## Exercise objective
Any picture in the material should be left out, while all other lines are copied exactly.

## Information shown
Start of Block
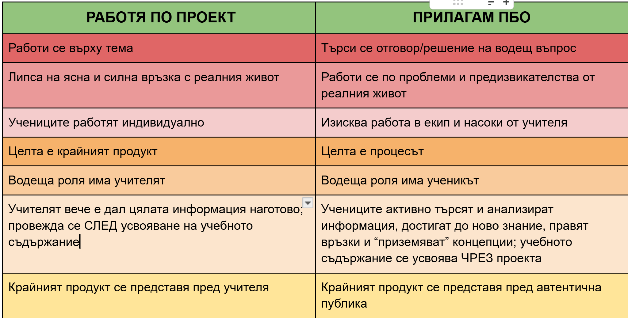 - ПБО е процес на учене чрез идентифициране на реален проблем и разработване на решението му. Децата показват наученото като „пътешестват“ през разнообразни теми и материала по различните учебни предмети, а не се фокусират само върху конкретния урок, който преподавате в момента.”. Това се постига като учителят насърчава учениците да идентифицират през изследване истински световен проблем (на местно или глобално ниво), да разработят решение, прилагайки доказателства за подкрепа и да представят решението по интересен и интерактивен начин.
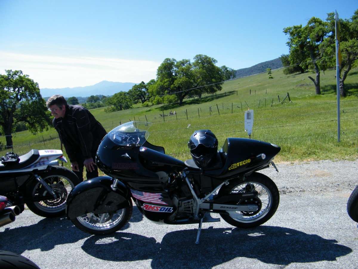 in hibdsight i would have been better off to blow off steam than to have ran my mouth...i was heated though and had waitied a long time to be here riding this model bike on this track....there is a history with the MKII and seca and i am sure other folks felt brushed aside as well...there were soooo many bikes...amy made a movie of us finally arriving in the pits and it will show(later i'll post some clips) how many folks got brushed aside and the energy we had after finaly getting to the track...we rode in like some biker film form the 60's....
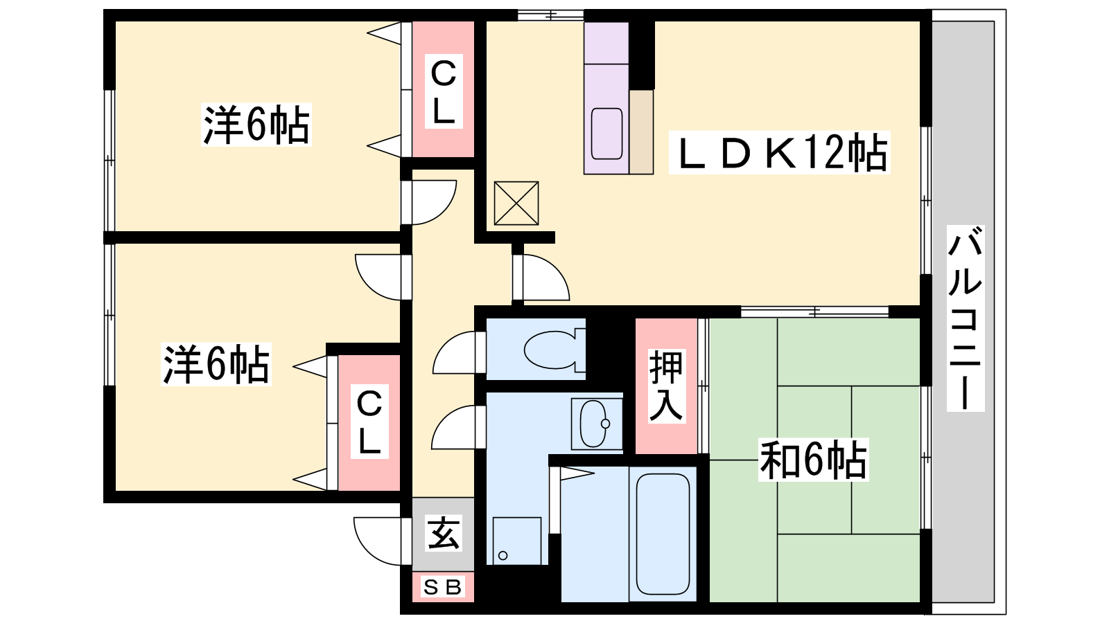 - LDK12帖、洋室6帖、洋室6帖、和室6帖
End of Block
## Answer to this exercise
 - ПБО е процес на учене чрез идентифициране на реален проблем и разработване на решението му. Децата показват наученото като „пътешестват“ през разнообразни теми и материала по различните учебни предмети, а не се фокусират само върху конкретния урок, който преподавате в момента.”. Това се постига като учителят насърчава учениците да идентифицират през изследване истински световен проблем (на местно или глобално ниво), да разработят решение, прилагайки доказателства за подкрепа и да представят решението по интересен и интерактивен начин.
 in hibdsight i would have been better off to blow off steam than to have ran my mouth...i was heated though and had waitied a long time to be here riding this model bike on this track....there is a history with the MKII and seca and i am sure other folks felt brushed aside as well...there were soooo many bikes...amy made a movie of us finally arriving in the pits and it will show(later i'll post some clips) how many folks got brushed aside and the energy we had after finaly getting to the track...we rode in like some biker film form the 60's....
 - LDK12帖、洋室6帖、洋室6帖、和室6帖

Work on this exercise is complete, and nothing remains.